Смирнов отбил удар по уже отработанной схеме, и так оба изображали ожесточенный бой до конца урока.
В заключение учитель приказал всем выстроиться в линию, а потом вышвыривал каждого пятого юнкера из неё.
– Так… – педагог задержался взглядом на двух друзьях.
Оба вытянулись по струнке и застыли. Преподаватель, совершенно не взирая на то, что ученик чуть ли не на голову выше него, своей рукой в грязной перчатке схватил Смирнова за копну волос и выволок из строя. Гриша, быстро сменивший каменное выражение лица, заволновался и попытался схватить товарища за руку, чтобы не позволить ему упасть, но другой из шеренги пресёк его, чтобы не досталось и Аксёнову. Да и Мишель был не из робкого десятка, поэтому не только не упал, но и гордо поднял голову, как только выровнялся.
– Простите, но… – тогда словесно начал противиться Григорий.
– Нет, Аксёнов, нет! – развернулся к нему педагог и махнул в его сторону рукой, – хватит, сладкая парочка!
Смешок украдкой прокатился по строю.
– На этот раз плохо справлялся именно он, – добавил учитель и открыл дверь зала, – все свободны.
И ученики поспешно покинули помещение. Участь оставленных же несчастных на этот раз состояла в том, чтобы после уроков сто раз подниматься по канату вверх.
– Сколько ещё тебе? – спрашивал Гриша, стоя с книгой в руке на мостике под потолком музыкально-тренировочного зала.

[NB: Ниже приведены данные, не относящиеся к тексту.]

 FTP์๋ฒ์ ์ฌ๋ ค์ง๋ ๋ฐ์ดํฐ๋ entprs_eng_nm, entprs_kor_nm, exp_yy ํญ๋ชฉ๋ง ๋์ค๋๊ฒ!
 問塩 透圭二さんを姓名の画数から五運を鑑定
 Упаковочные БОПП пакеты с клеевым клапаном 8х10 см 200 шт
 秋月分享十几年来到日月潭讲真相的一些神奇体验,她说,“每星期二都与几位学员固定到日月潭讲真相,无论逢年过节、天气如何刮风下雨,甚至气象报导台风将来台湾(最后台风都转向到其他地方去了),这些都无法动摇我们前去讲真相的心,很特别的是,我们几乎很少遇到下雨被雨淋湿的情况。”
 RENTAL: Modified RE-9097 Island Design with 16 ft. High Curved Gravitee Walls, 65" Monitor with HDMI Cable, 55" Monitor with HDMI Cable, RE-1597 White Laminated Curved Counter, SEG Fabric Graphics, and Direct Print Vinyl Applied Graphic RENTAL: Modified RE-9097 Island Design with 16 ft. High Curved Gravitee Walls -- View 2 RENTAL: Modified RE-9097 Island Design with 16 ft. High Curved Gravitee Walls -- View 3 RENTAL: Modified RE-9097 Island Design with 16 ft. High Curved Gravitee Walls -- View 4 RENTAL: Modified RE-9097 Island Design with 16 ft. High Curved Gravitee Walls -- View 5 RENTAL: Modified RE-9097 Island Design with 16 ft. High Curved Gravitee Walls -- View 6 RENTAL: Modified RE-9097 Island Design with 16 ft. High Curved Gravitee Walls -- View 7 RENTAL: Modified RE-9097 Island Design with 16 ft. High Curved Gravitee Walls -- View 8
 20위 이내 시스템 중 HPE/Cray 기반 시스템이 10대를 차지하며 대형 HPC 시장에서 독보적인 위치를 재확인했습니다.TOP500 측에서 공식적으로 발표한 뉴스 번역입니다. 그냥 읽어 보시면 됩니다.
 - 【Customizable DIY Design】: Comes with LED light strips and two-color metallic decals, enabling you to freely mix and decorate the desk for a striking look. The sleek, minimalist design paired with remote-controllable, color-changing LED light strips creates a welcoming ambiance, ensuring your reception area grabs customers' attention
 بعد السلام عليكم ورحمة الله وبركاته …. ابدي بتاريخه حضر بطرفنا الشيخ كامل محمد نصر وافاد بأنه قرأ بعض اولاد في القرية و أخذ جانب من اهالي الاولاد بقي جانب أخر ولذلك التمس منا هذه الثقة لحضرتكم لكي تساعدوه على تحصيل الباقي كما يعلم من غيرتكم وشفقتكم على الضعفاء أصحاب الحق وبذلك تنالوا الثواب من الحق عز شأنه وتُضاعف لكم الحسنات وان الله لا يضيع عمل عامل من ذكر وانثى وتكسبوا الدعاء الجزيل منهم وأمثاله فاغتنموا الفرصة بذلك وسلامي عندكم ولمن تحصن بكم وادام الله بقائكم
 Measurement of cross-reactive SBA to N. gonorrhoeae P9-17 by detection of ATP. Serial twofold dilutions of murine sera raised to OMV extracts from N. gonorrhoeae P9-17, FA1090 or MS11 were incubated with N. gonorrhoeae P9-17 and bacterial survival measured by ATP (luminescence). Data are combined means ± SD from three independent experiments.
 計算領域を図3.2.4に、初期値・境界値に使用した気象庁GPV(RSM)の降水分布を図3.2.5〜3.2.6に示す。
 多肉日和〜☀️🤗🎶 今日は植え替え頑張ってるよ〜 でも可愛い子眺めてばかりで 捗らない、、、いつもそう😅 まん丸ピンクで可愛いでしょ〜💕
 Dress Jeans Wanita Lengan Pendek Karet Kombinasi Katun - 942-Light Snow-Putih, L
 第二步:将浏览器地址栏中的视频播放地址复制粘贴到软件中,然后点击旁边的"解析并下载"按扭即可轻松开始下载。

– Девяносто восемь, – бодро ответил Смирнов, подтягиваясь на руках к потолку.
Аксёнов на это только пожал плечами и углубился дальше в чтение книги, облокотившись руками на перила мостика.
– Что читаешь? – поинтересовался Миша, поднявшись уже который раз к потолку, чтобы продолжить беседу.
– Роман, – ответил тот, не отрываясь от страниц.
– Ого, ты увлекаешься романами?
– А что с ними не так? – наклонив осуждающе голову, спросил ровным тоном Григорий.
– Но это же… вроде как, кхм, для кисейных барышень? – пожал плечами Смирнов, не придавая особого значения словам.
– Но тем не менее пишут их мужчины, – захлопнул книгу Аксёнов и усмехнулся на явное замешательство на лице друга.
– Ну… да.
– Сколько тебе ещё?
– Десять… – прохрипел Миша, из последних сил поднимаясь вверх.
– Бросай это, иди сюда, – сказал Гриша и протянул руку.
Смирнов охотно схватил чужую ладонь и забрался на мостик. Он сел на доски и вытер рукавом лоб, пытаясь в это же время отдышаться. Григорий встал рядом и терпеливо ждал, пока друг переведёт дух.
– Ну и взбучку он устроил, – буркнул Миша, делая глубокий вдох.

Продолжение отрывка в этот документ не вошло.